#### [What you have to do]
Output each entry verbatim. Leave the images out.

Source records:
↓

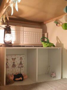 ムスメスペースを作るのに、取説を置いてあるワゴンとムスメスペースを何かで仕切りたいなぁと思いました。
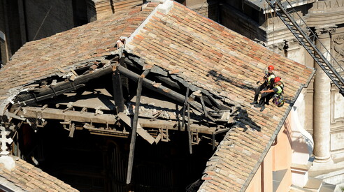 Nel pomeriggio di giovedì è crollato il tetto della chiesa di San Giuseppe dei Falegnami, nel centro di Roma, nei pressi del Campidoglio e dei Fori Imperiali. Le travi di legno che sostenevano la struttura sono precipitate nell'edificio. In quel momento la chiesa, utilizzata di solito per celebrare matrimoni, era chiusa al pubblico e non si registrano feriti.
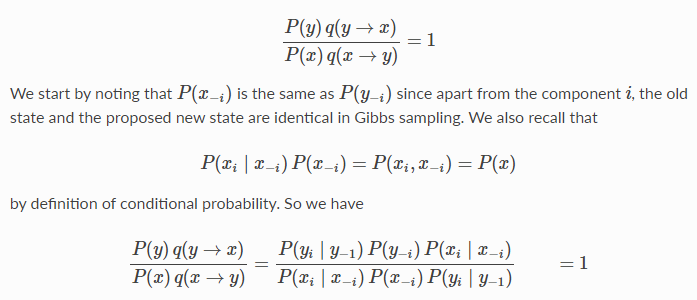 With Gibbs sampling, the Markov chain is constructed by sampling from the conditional distribution for each parameter θi in turn, treating all other parameters as observed. When we have finished iterating over all parameters, we are said to have completed one cycle of the Gibbs sampler. Since hierarchical models are typically set up as products of conditional distributions, the Gibbs sampler is ubiquitous in Bayesian modeling. Where it is difficult to sample from a conditional distribution, we can sample using a Metropolis-Hastings algorithm instead - this is known as Metropolis within Gibbs.
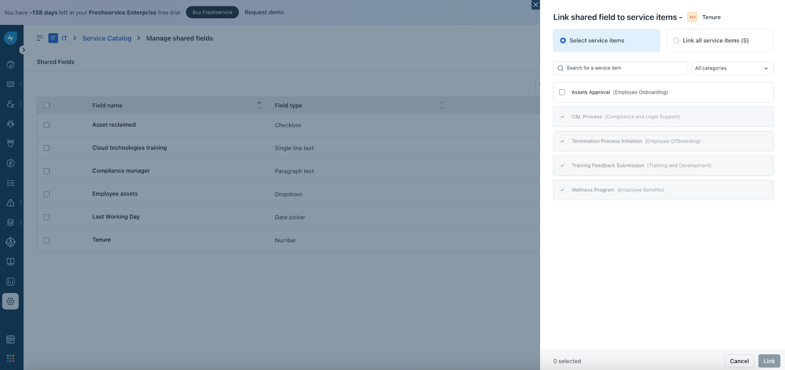 Or, select Link all service items to link this field with all the service items irrespective of the service category.
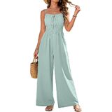 جمبسوت حريمي 2026 حزام سباغيتي غير رسمي واسع الساق سروال طويل ثوب فضفاض قطعة واحدة ملابس الصيف مع جيوب in Kuwait
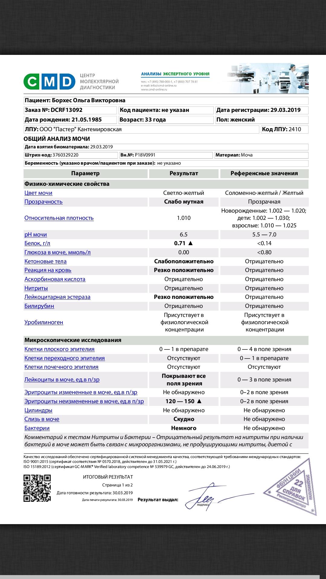 Вчера, в пятницу стало хуже. В какой-то момент начались неприятные ощущения внизу живота и неприятные ощущения в паху, отдающие ломотой даже в ноги. Полежала с грелкой и жизнь как будто наладилась. Назойливые, но фальшивые позывы к мочеиспусканию уже казались мелочью. Муж отнес мочу на анализ (прилагаю результат). Ближе к вечеру стали возвращаться болезненные ощущения и подниматься температура. Выпила фитолизин и через какое-то время фурамаг, потому что легче не становилось. Вернула грелку. Температура поднялась до 38.3. Ближе к ночи стало намного лучше, температура спала. Но сильно изменился цвет мочи в сторону коричневого. Сегодня утром (около 8) отправила утреннюю мочу на ещё один анализ. Цвет был получше, но всё равно смахивал на заварку и вместе с мочой в баночке оказалось что-то похожее на сгусток крови. Результаты будут готовы сегодня после трёх, так же записалась сегодня на узи мочевого пузыря и почек. Знаю, что надо бы задать вопрос... понимаю, что самостоятельный приём препаратов без консультации врача - это нехорошо. Но ко врачу смогла записаться только на 2.04. Может, вы можете хотя бы прокомментировать анализ? Сдавался днём, всё, что смогла. И может, я так же могу прислать вам когда будет готово сегодняшний результат и узи?
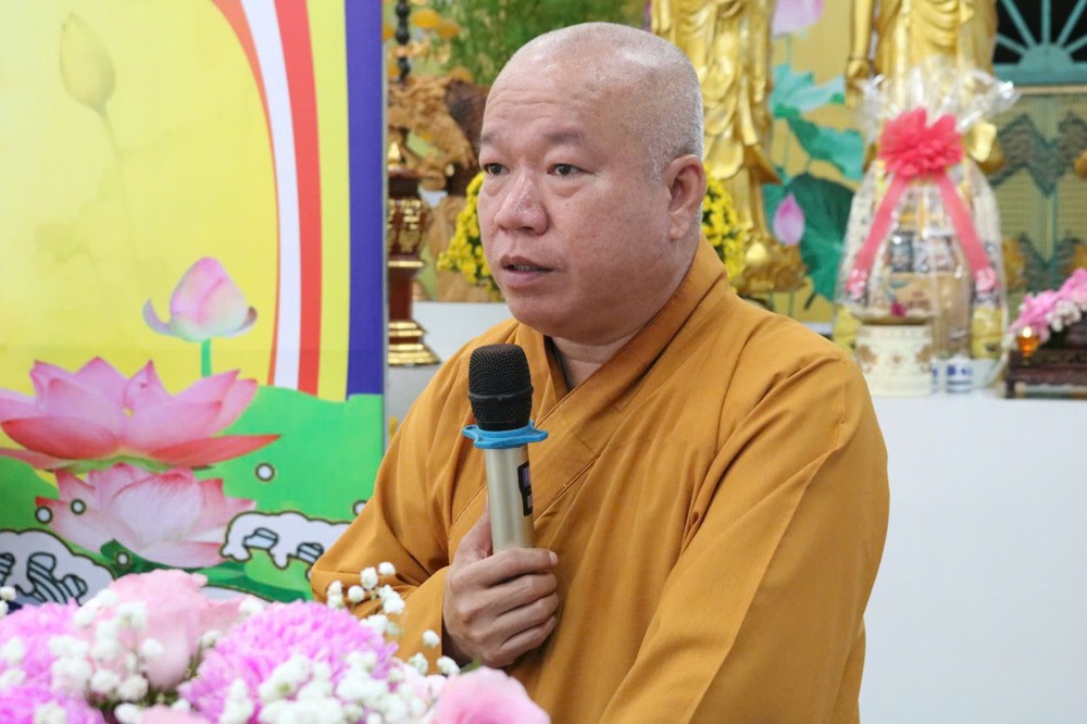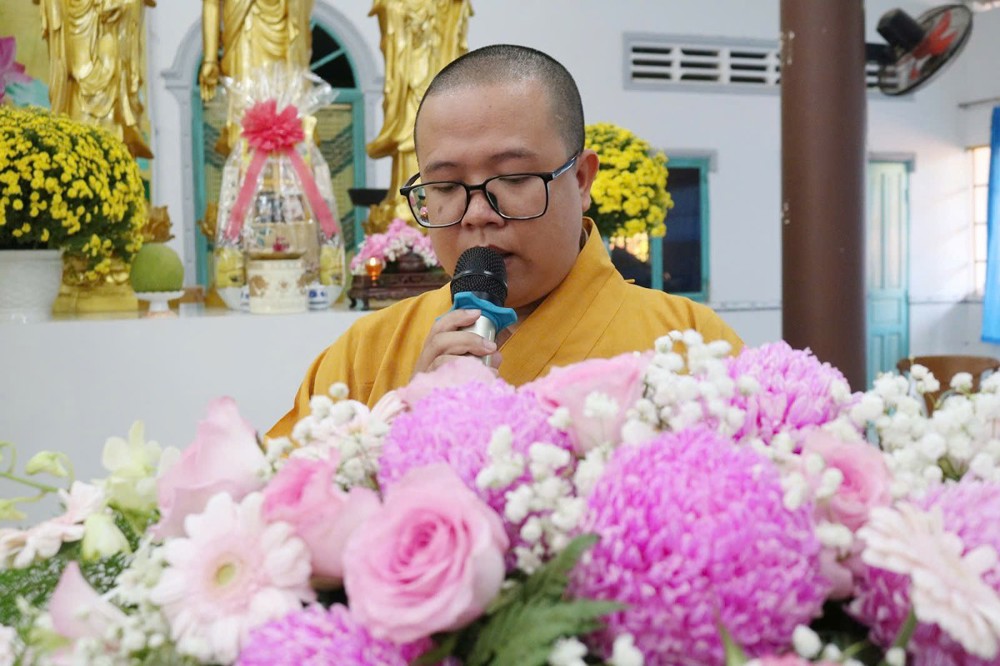 Tại buổi lễ, sau phần nghi thức; HT.Thích Huệ Pháp - Ủy viên HĐTS, Phó Trưởng BTS GHPGVN tỉnh phát biểu diễn văn khai mạc chào mừng.
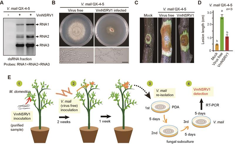 The novel fungal virus VmNSRV1 discovered in this study was isolated from the pathogenic fungus Valsa mali, which causes apple tree rot. VmNSRV1 can significantly reduce the pathogenicity of Valsa mali, making it a novel and highly effective biocontrol fungal virus. The VmNSRV1 genome contains three negative-strand RNA segments (RNA1, RNA2, RNA3), encoding the viral RNA-dependent RNA polymerase (RdRp), a movement-like protein (MP-L), and a nucleoprotein (N), respectively. Phylogenetic analysis based on the conserved structural domain of the viral RdRp revealed that VmNSRV1 is closely related to the Laulavirus genus within the Phenuiviridae family and is temporarily classified as a new member of this genus. Interestingly, VmNSRV1 RNA2 encodes an MP-L protein that can be localized to the plasmodesmata of plant cells and exhibits the function of plant virus movement proteins. The study found that VmNSRV1 can not only systematically infect plantsbut also transmit bidirectionally between plants and plant-related pathogenic fungi. Additionally, among 139 apple tree leaves tested in orchard experiments in Shaanxi Province, 24 were positive for VmNSRV1. This suggests that under natural conditions, VmNSRV1 exhibits cross-kingdom infection between plants and pathogenic fungi. Given its excellent biocontrol potential and extracellular transmission ability, the study invented a "biocontrol fungal virus" spraying technique, where fungal extracellularly secreted virus particles are directly sprayed onto infected plants, effectively inhibiting the expansion of apple tree rot lesions. Furthermore, the nucleocapsid N protein encoded by VmNSRV1 RNA3 is associated with lipid droplet metabolism in fungal and plant cells, which may be the key to its cross-kingdom infection of fungi and plants.

↑

#### [Task result]
 ムスメスペースを作るのに、取説を置いてあるワゴンとムスメスペースを何かで仕切りたいなぁと思いました。
 Nel pomeriggio di giovedì è crollato il tetto della chiesa di San Giuseppe dei Falegnami, nel centro di Roma, nei pressi del Campidoglio e dei Fori Imperiali. Le travi di legno che sostenevano la struttura sono precipitate nell'edificio. In quel momento la chiesa, utilizzata di solito per celebrare matrimoni, era chiusa al pubblico e non si registrano feriti.
 With Gibbs sampling, the Markov chain is constructed by sampling from the conditional distribution for each parameter θi in turn, treating all other parameters as observed. When we have finished iterating over all parameters, we are said to have completed one cycle of the Gibbs sampler. Since hierarchical models are typically set up as products of conditional distributions, the Gibbs sampler is ubiquitous in Bayesian modeling. Where it is difficult to sample from a conditional distribution, we can sample using a Metropolis-Hastings algorithm instead - this is known as Metropolis within Gibbs.
 Or, select Link all service items to link this field with all the service items irrespective of the service category.
 جمبسوت حريمي 2026 حزام سباغيتي غير رسمي واسع الساق سروال طويل ثوب فضفاض قطعة واحدة ملابس الصيف مع جيوب in Kuwait
 Вчера, в пятницу стало хуже. В какой-то момент начались неприятные ощущения внизу живота и неприятные ощущения в паху, отдающие ломотой даже в ноги. Полежала с грелкой и жизнь как будто наладилась. Назойливые, но фальшивые позывы к мочеиспусканию уже казались мелочью. Муж отнес мочу на анализ (прилагаю результат). Ближе к вечеру стали возвращаться болезненные ощущения и подниматься температура. Выпила фитолизин и через какое-то время фурамаг, потому что легче не становилось. Вернула грелку. Температура поднялась до 38.3. Ближе к ночи стало намного лучше, температура спала. Но сильно изменился цвет мочи в сторону коричневого. Сегодня утром (около 8) отправила утреннюю мочу на ещё один анализ. Цвет был получше, но всё равно смахивал на заварку и вместе с мочой в баночке оказалось что-то похожее на сгусток крови. Результаты будут готовы сегодня после трёх, так же записалась сегодня на узи мочевого пузыря и почек. Знаю, что надо бы задать вопрос... понимаю, что самостоятельный приём препаратов без консультации врача - это нехорошо. Но ко врачу смогла записаться только на 2.04. Может, вы можете хотя бы прокомментировать анализ? Сдавался днём, всё, что смогла. И может, я так же могу прислать вам когда будет готово сегодняшний результат и узи?
 Tại buổi lễ, sau phần nghi thức; HT.Thích Huệ Pháp - Ủy viên HĐTS, Phó Trưởng BTS GHPGVN tỉnh phát biểu diễn văn khai mạc chào mừng.
 The novel fungal virus VmNSRV1 discovered in this study was isolated from the pathogenic fungus Valsa mali, which causes apple tree rot. VmNSRV1 can significantly reduce the pathogenicity of Valsa mali, making it a novel and highly effective biocontrol fungal virus. The VmNSRV1 genome contains three negative-strand RNA segments (RNA1, RNA2, RNA3), encoding the viral RNA-dependent RNA polymerase (RdRp), a movement-like protein (MP-L), and a nucleoprotein (N), respectively. Phylogenetic analysis based on the conserved structural domain of the viral RdRp revealed that VmNSRV1 is closely related to the Laulavirus genus within the Phenuiviridae family and is temporarily classified as a new member of this genus. Interestingly, VmNSRV1 RNA2 encodes an MP-L protein that can be localized to the plasmodesmata of plant cells and exhibits the function of plant virus movement proteins. The study found that VmNSRV1 can not only systematically infect plantsbut also transmit bidirectionally between plants and plant-related pathogenic fungi. Additionally, among 139 apple tree leaves tested in orchard experiments in Shaanxi Province, 24 were positive for VmNSRV1. This suggests that under natural conditions, VmNSRV1 exhibits cross-kingdom infection between plants and pathogenic fungi. Given its excellent biocontrol potential and extracellular transmission ability, the study invented a "biocontrol fungal virus" spraying technique, where fungal extracellularly secreted virus particles are directly sprayed onto infected plants, effectively inhibiting the expansion of apple tree rot lesions. Furthermore, the nucleocapsid N protein encoded by VmNSRV1 RNA3 is associated with lipid droplet metabolism in fungal and plant cells, which may be the key to its cross-kingdom infection of fungi and plants.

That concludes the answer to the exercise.